Source information Start Marker

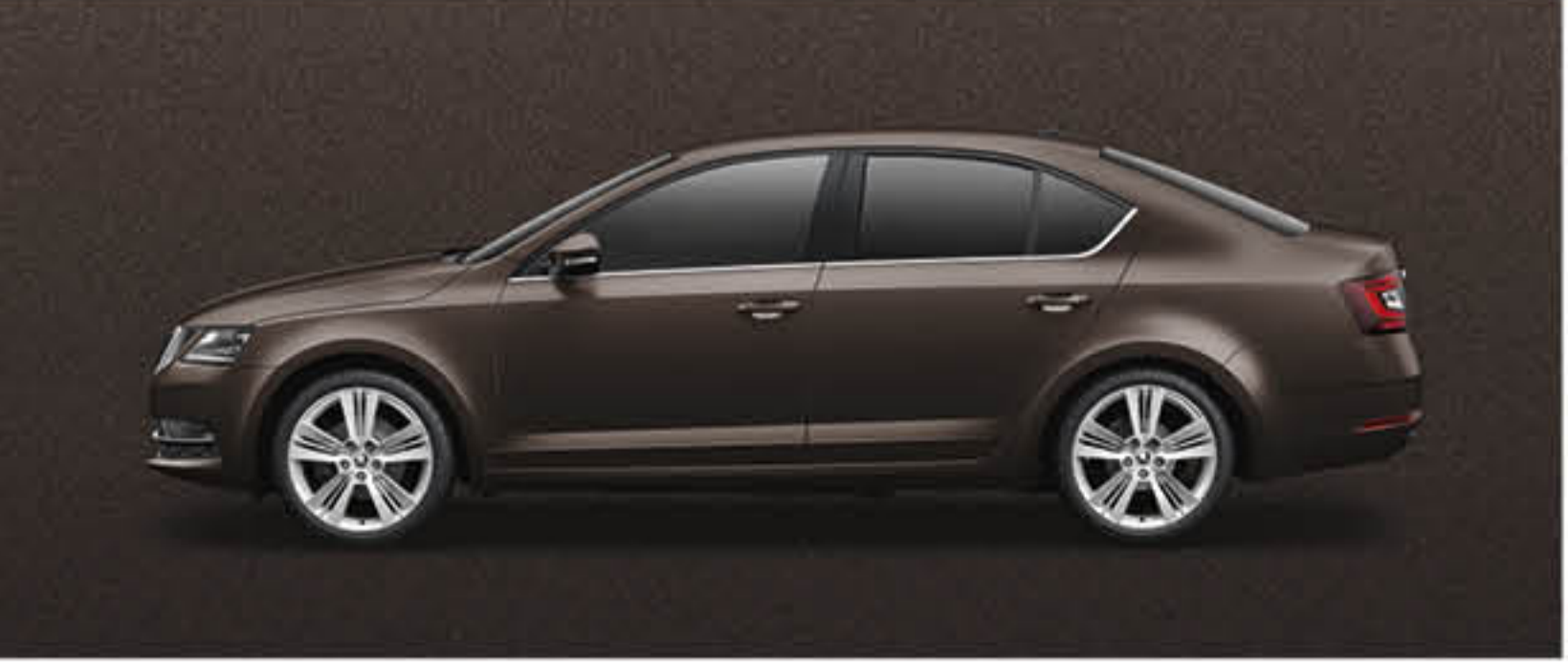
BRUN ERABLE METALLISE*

Source information End Marker
Source information Start Marker

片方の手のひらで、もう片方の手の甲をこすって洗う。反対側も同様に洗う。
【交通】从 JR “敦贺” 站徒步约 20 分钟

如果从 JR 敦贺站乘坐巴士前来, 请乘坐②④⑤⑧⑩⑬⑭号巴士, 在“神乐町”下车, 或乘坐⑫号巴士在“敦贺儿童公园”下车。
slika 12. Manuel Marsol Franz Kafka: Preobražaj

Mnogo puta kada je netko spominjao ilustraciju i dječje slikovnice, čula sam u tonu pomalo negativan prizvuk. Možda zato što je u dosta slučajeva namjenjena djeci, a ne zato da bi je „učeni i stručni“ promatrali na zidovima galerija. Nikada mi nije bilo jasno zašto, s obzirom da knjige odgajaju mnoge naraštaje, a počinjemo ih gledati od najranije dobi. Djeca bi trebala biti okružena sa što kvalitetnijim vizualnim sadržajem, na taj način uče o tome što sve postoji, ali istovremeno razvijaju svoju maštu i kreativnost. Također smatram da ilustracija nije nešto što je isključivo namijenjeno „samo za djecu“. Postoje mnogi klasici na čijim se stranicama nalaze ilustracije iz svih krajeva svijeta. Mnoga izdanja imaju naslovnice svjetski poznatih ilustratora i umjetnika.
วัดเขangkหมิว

Source information End Marker
Source information Start Marker

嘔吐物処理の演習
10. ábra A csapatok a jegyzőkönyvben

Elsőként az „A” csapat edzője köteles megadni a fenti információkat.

Source information End Marker

▶ **Assignment**
Going back to the entries above, set down exactly the lines that begin at the one with "10. ábra A csapatok a jegyzőkönyvben" and end at the one with "a fenti információkat.", both included, and nothing else.

▶ **Response to the task**
10. ábra A csapatok a jegyzőkönyvben

Elsőként az „A” csapat edzője köteles megadni a fenti információkat.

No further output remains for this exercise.